Required action -> From the listing that follows, reproduce only the lines from the one holding "CULTURA Antonio Nóbrega Músico e dançarino" through the one holding "Opstelling met projectie", both included, with no pictures.
***
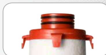
Code couleur éléments filtrants série PX5 : Rouge

(*) Débits indiqués selon ISO 7183 (20°C et 1 bar absolu) sous 7 bars relatifs
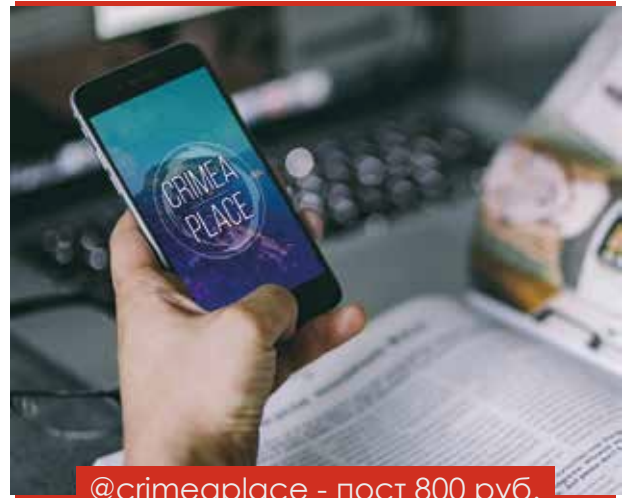
@crimeaplace - пост 800 руб.
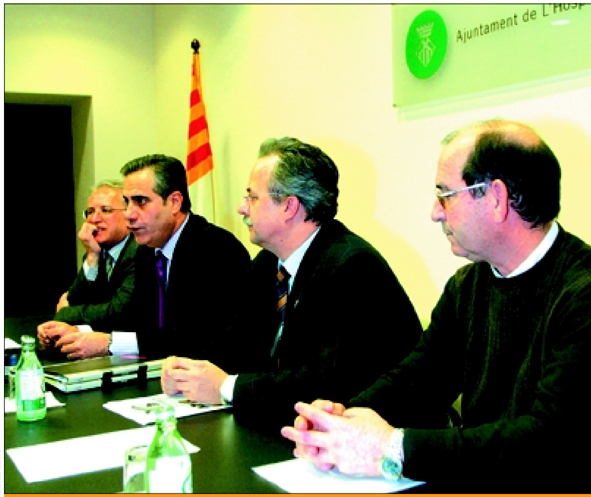
Els veïns entreguen les signatures a l'alcalde

La plataforma de veïns considera prioritària la construcció del poliesportiu ja que és important pel barri i no malmeta el valor històric del casc antic de la ciutat
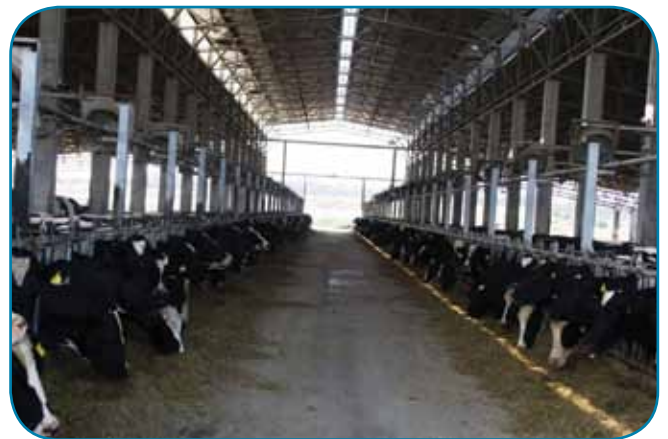
רפת גליל מערבי - מטופחת ויפה
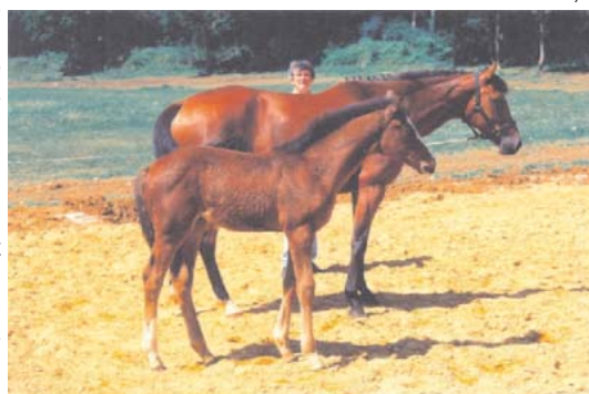
Diane du Chaufour SF suivie d'Hotess de Rosières SF

soeur de Diane. Hotess de Rosières SF démontre s'il le fallait que l'élevage de l'est de la France n'a rien à envier aux autres régions, et ouvre la voie à d'autres exportations heureuses.
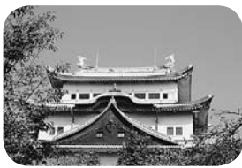
てっぺんの鯨鯢わかりますか?
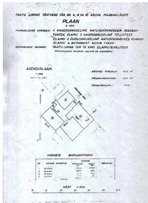
Skeem 2. Krundi plaan 1963.a

Esimene kinnistut käsitlev dokument pärineb aastast 1876, mille järgi paiknesid sellel elu- ja kõrvalhooned: Tähtvere 6 elumaja oli 3-korruseline segaehitus,
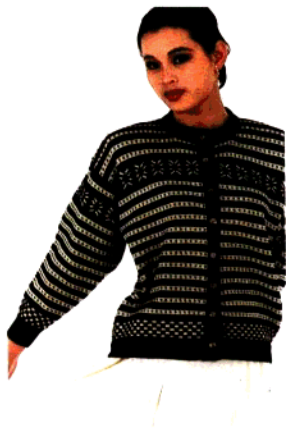
款 26 黑白横条衫
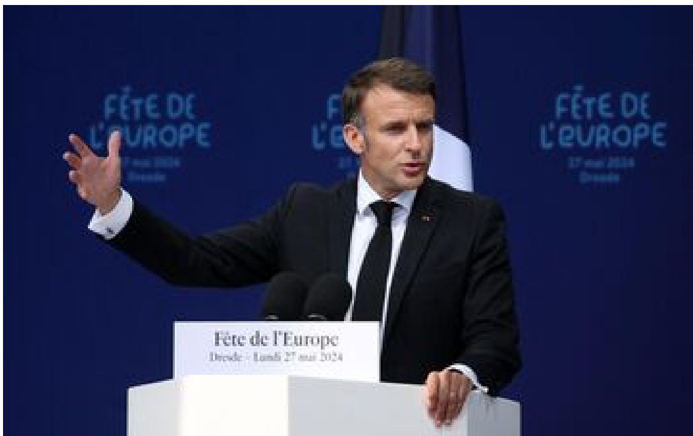
« Réveillons-nous » : depuis Dresde, Emmanuel Macron appelle au sursaut contre l'extrême droite P
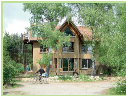
عکس ۴- نمای معماری بومی از کاهگل و چوب در اکودهکده

مهم‌ترین خصوصیات اکودهکده‌ها برابر نظر "جاناتان
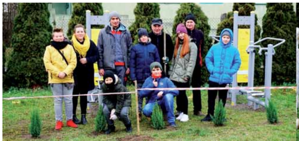
Sport i rekreacja królować będą dzięki nowym siłowniom pod chmurką. Dzięki zaangażowaniu mieszkańców okolice nowych obiektów się zazieleniły.

Na zakończenie przygotowano „Literackie szarady nie od parady”, czyli zabawy czytelnice. Odbędą się one dziś, 23 stycznia, o godzinie 11.00. Wstęp wolny. aw
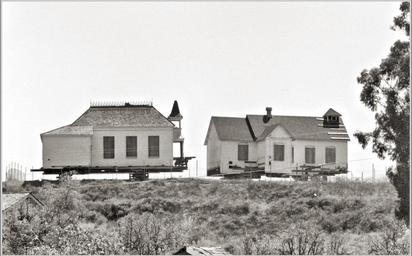
Nhà thờ cổ và trường học lịch sử được chuẩn bị di chuyển từ trung tâm El Toro cũ đến Công Viên Heritage Hill Historic Park ở Lake Forest, 1978
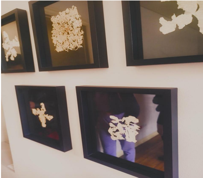
Figura20: fotografía obra flores secas
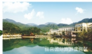
丽宫国际旅游度假区
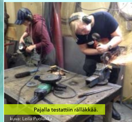
Pajalla testattiin räälläkkää.
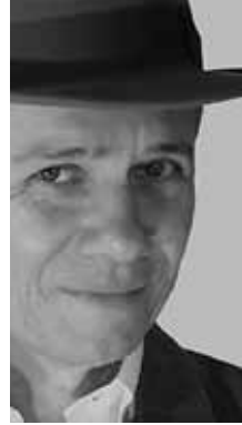
CULTURA Antonio Nóbrega Músico e dançarino
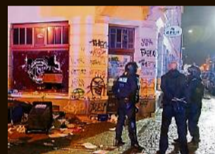
Leipzig, Januar 2016 Hooligans und Rechtsextreme überfallen mit Äxten, Eisenstangen und Holzlaten den links-alternativen Stadtteil Connewitz.
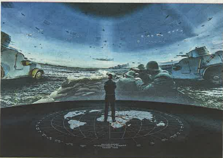
Opstelling met projectie rondom in het Nationaal Militair Museum.

ontwerpen in de 'wilde' jaren negentig in de architectuur op de achtergrond zijn geraakt. Van de gridstructuur, die tot in de plafondplaten van de wc's is doorgevoerd, tot de brandslanghaspels, die in hetzelfde zwartbruin als dak en wanden zijn geschilderd: alles klopt. De meeste bezoekers zal het wellicht niet opvallen, maar je voelt het.
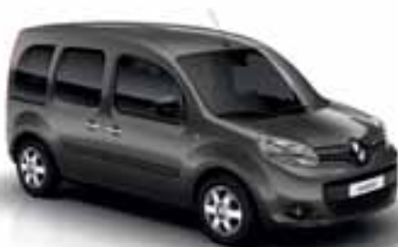
SIVA CASSIOPEE (KB KNG)
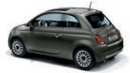
372 Colosseo Grau
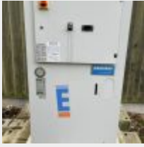
Lot n° 17 Groupe froid (à l'extérieur) EURODIFROID (pour maintenir le glycol froid) Mise à prix : 300 €
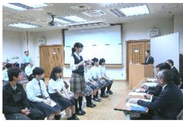
「トビタテ!留学JAPAN」の報告風景

また、「トビタテ!留学JAPAN」では、報告する生徒の中に身振り手振りをまじえるものが多く見受けられ、その様子が一ヶ月前の表敬訪問時とは大きく異なっており、このことから生徒の成長が伺えるとの感想がありました。
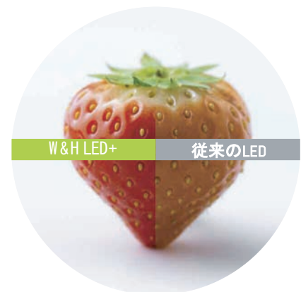
LEDとの比較: LED+では赤い色調を自然に再現可能

赤い色調の再現がうまくできませんでした。これは多くの医療用途で大きなデメリットとなっていました。しかし、アレグラコントラアングルは新しい技術を採用しています。その結果、CRIが90以上となり、クリアな色のコントラストを実現し、口腔内の自然な赤い色調を的確に再現します。
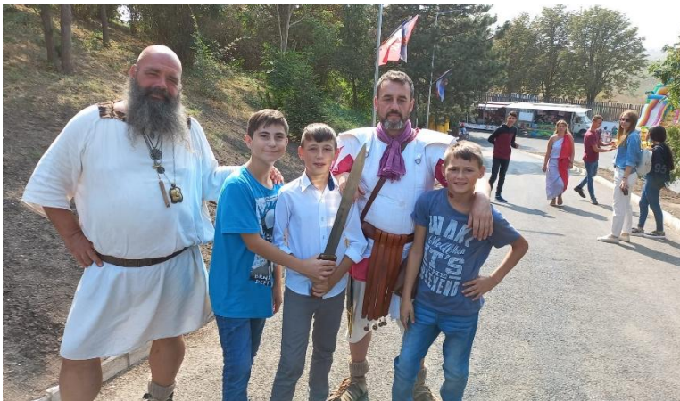
(↑) Eveniment istoric în Medgidia, la care băieții noștri au luat parte în Septembrie
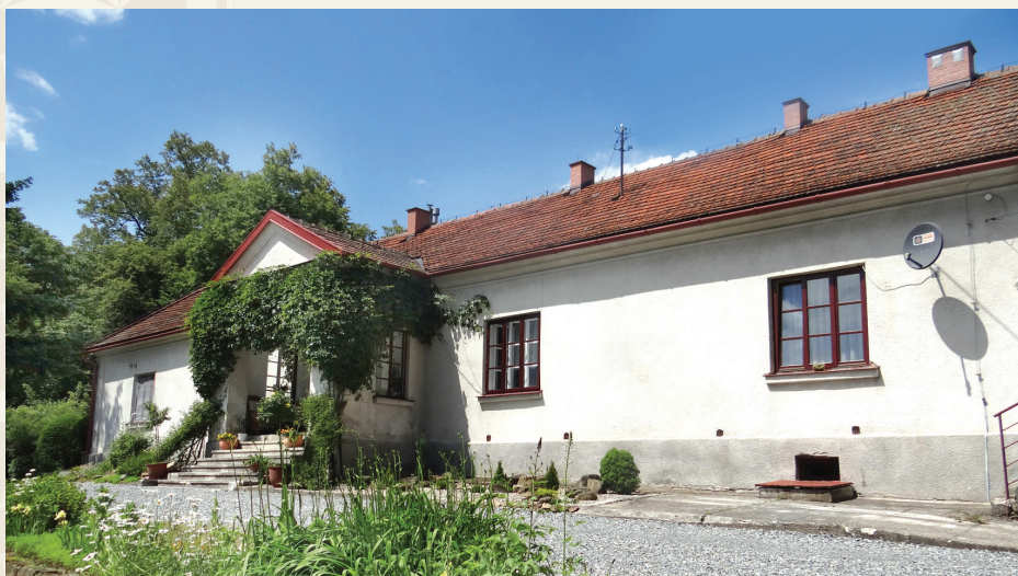
Dwór w Tymowej

Tymowa jest największą terytorialnie miejscowością gminy Czchów. Wieś ma górzisty charakter z trzema charakterystycznymi wzniesieniami: Gosprzydowską Górą, Machulcem i Szpilówką. Pomiędzy Machulcem i Szpilówką przebiega zielony szlak turystyczny, którym można udać się przez Iwkową do Rajbrotu oraz dojechać z Tymowej do Lipnicy Murowanej i Wieliczki.
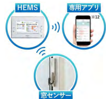
窓施錠解錠開閉見守りシステム

自然災害時の安心だけでなく日常の安心も確保するため、窓施錠解錠開閉見守りシステムを全邸に設置します。警察庁のデータによると、泥棒などの侵入窃盗犯罪数は一戸建てが多く、一番狙われやすいのは窓からの侵入です ※11 。センサーを設置した窓の施錠状態を HEMS モニターでまとめて確認できるほか、外出中に窓が開いた時にはスマートフォン ※12 への通知も行うため、速やかに異常を知ることができます。まち全体で防犯意識を向上させることで、安心して永く暮らせるまちづくりをサポートします。
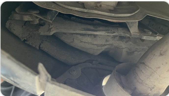
حامل اكصدام خلفي : عصره
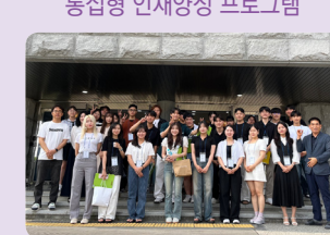
졸업생 진로 멘토링
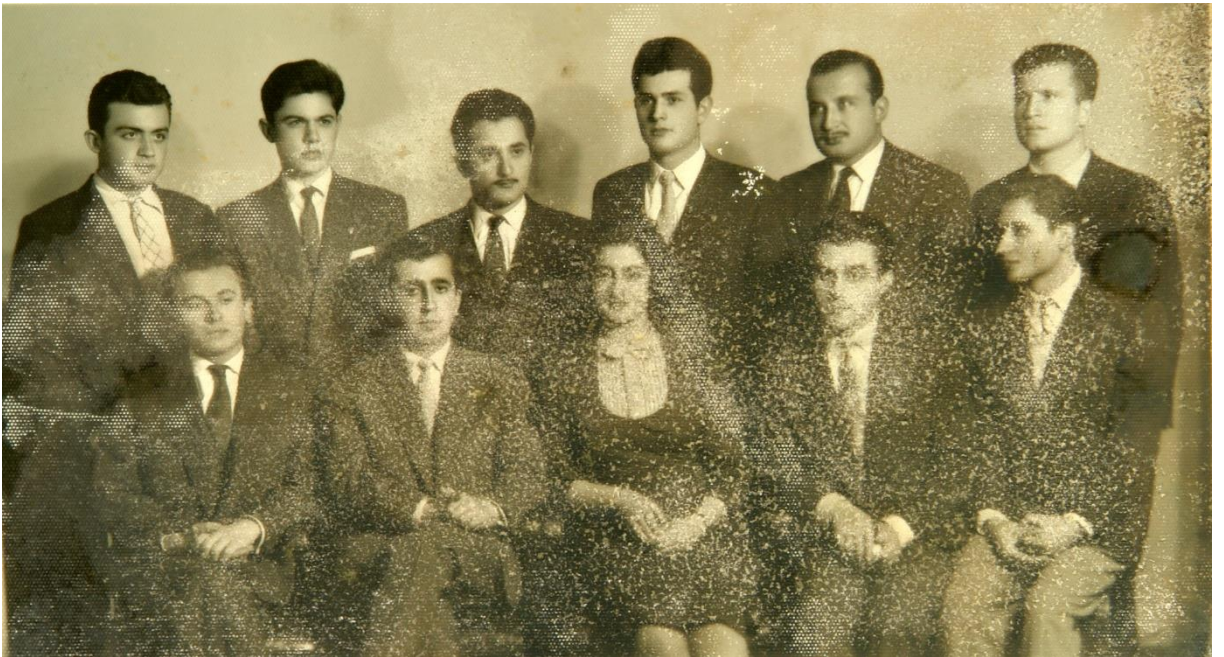
Siyasal Bilgiler Talebe Cemiyeti seçim sonrası başkanlığı döneminden (20 Nisan 1959)
***
Task result ->
CULTURA Antonio Nóbrega Músico e dançarino
Leipzig, Januar 2016 Hooligans und Rechtsextreme überfallen mit Äxten, Eisenstangen und Holzlaten den links-alternativen Stadtteil Connewitz.
Opstelling met projectie rondom in het Nationaal Militair Museum.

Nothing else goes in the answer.